Auslandspraktikum: Der internationale Karriereturbo

Auslandspraktikum in Hong Kong

Auslandspraktikum in Hong Kong

Ein Auslandsstudium und Auslandspraktikum erhöht die Wahrscheinlichkeit später einmal beruflich im Ausland zu arbeiten deutlich. Einer neuen Studie der Hochschul Informations System GmbH (HIS) nach, waren Absolventen des Jahrgangs 2005, die während des Studiums Auslandserfahrung gesammelt haben, nach fünf Jahren drei Mal so häufig beruflich im Ausland tätig wie Studenten ohne Auslandserfahrung.

Fast ein Drittel aller Absolventen (31%) aus dem Jahr 2005 waren während ihres Studiums für mehr als drei Monate im Ausland. Der Anteil dürfte heute sogar noch etwas höher liegen. Meist wird im Ausland zeitweise studiert oder ein Auslandspraktikum gemacht. Nur wenige Studenten gingen für einen reinen Sprachkurs ins Ausland. Studiengänge mit vergleichsweise vielen Studenten, die im Ausland studierten, sind Humanmedizin, Geisteswissenschaften und Wirtschaftswissenschaften. Humanmediziner nutzten den Aufenthalt vor allem für ein Praktikum, während Geistes- und Wirtschaftswissenschaftler in der Regel im Ausland studierten. Der hohe Anteil der Geisteswissenschaftler kommt dadurch zustande, dass Studenten in sprachwissenschaftlichen Studiengängen ihren Auslandsaufenthalt in Ländern machten, in denen die studierte Sprache gesprochen wurde.

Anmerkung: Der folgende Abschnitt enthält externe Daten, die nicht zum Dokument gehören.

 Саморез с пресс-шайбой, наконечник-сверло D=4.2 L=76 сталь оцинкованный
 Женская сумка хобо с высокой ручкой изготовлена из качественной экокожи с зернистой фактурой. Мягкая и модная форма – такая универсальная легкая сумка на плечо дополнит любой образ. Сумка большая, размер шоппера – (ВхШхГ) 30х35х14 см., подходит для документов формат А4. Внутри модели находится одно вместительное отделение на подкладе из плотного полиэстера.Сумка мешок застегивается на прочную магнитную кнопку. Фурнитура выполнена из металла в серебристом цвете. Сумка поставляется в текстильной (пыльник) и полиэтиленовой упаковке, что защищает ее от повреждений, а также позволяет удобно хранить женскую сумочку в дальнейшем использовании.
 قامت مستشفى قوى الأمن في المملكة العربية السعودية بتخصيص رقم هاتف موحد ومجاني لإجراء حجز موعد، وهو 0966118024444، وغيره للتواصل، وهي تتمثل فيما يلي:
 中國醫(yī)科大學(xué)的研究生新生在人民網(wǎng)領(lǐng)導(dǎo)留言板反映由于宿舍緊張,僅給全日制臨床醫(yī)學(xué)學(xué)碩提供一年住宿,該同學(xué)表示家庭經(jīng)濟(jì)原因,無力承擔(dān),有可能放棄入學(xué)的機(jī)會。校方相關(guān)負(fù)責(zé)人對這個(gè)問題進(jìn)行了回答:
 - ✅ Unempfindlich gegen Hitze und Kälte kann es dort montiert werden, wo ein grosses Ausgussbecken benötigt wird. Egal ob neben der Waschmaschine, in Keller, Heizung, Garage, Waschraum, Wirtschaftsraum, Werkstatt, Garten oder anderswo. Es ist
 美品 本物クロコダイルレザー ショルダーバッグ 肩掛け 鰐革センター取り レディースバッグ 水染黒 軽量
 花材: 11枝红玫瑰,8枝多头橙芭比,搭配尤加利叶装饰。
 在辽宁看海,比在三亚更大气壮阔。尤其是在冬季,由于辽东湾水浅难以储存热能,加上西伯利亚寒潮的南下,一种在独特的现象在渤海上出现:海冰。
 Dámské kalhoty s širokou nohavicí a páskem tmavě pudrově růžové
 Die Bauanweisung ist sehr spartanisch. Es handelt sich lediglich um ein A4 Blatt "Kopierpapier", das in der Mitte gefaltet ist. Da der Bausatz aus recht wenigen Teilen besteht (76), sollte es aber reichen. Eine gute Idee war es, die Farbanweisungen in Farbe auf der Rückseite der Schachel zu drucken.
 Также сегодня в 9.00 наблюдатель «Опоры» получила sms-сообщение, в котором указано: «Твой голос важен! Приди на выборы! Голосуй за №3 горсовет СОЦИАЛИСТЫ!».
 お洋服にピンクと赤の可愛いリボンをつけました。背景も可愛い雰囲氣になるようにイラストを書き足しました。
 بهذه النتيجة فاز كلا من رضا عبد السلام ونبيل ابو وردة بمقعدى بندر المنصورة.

Studenten in Studiengängen, die stark vom deutschen Beschäftigungssystem geprägt sind (wie zum Beispiel Sozialwesen, Psychologie, Pädagogik), waren unterdurchschnittlich auslandsmobil. Berufliche Tätigkeiten in diesen Bereichen setzen oft gute Kenntnisse des deutschen Sozial- und Gesundheitssystems voraus, sodass Auslandserfahrung nicht gefordert wird und für Studenten kein Anreiz für einen studienbezogenen Auslandsaufenthalt besteht.

Insgesamt sind aber fünf Jahre nach Studienabschluss nur relativ wenig Absolventen im Ausland beschäftigt. Lediglich jeder zwanzigste Absolvent geht einer Tätigkeit im Ausland nach. Bei Absolventen der Mathematik und Naturwissenschaften ist der Anteil der im Ausland Erwerbstätigen am Höchsten. Am seltensten verdienen Juristen und Lehrer ihr Geld im Ausland, da das Studium sehr auf das deutsche Rechts- und Schulsystem hin ausgelegt ist und Fachkenntnisse im Ausland nicht angewendet werden können.

Wer allerdings im Ausland tätig ist, der hat mit hoher Wahrscheinlichkeit bereits im Studium Auslandserfahrung gesammelt. 64% aller deutschen Absolventen, die beruflich im Ausland arbeiten, war bereits während des Studiums auslandsmobil. Das während des Studiums besuchte Land ist dann häufig auch das Land der späteren Erwerbstätigkeit: Wer als Absolvent im Ausland arbeitet hat mit 46%iger Wahrscheinlichkeit bereits im gleichen Land studiert, oder mit 85%iger Wahrscheinlichkeit im gleichen Land ein Auslandspraktikum gemacht. Anscheinend sind die im Auslandspraktikum erworbenen Kontakte und Kenntnisse später besser für den Beruf nutzbar, als Studienkenntnisse.

Ein Auslandsaufenthalt während des Studiums macht sich auch im Einkommen bemerkbar. Besonders Studenten der Wirtschafts- und Geisteswissenschaften, Ingenieure und Informatiker haben mit Auslandserfahrung nach dem Abschluss deutlich höhere Einkommen, als Absolventen ohne Auslandserfahrung.

Junge Menschen, die den Wunsch haben einmal im Ausland tätig zu sein, sind also gut beraten sich an der Statistik zu orientieren und bereits die Studienfachwahl entsprechend zu planen. Wer eine internationale Karriere plant sollte einen Studiengang wählen, der auch im Ausland relevant ist, möglichst ein Semester im Wunschland studieren und am besten noch ein Auslandspraktikum im gleichen Land machen.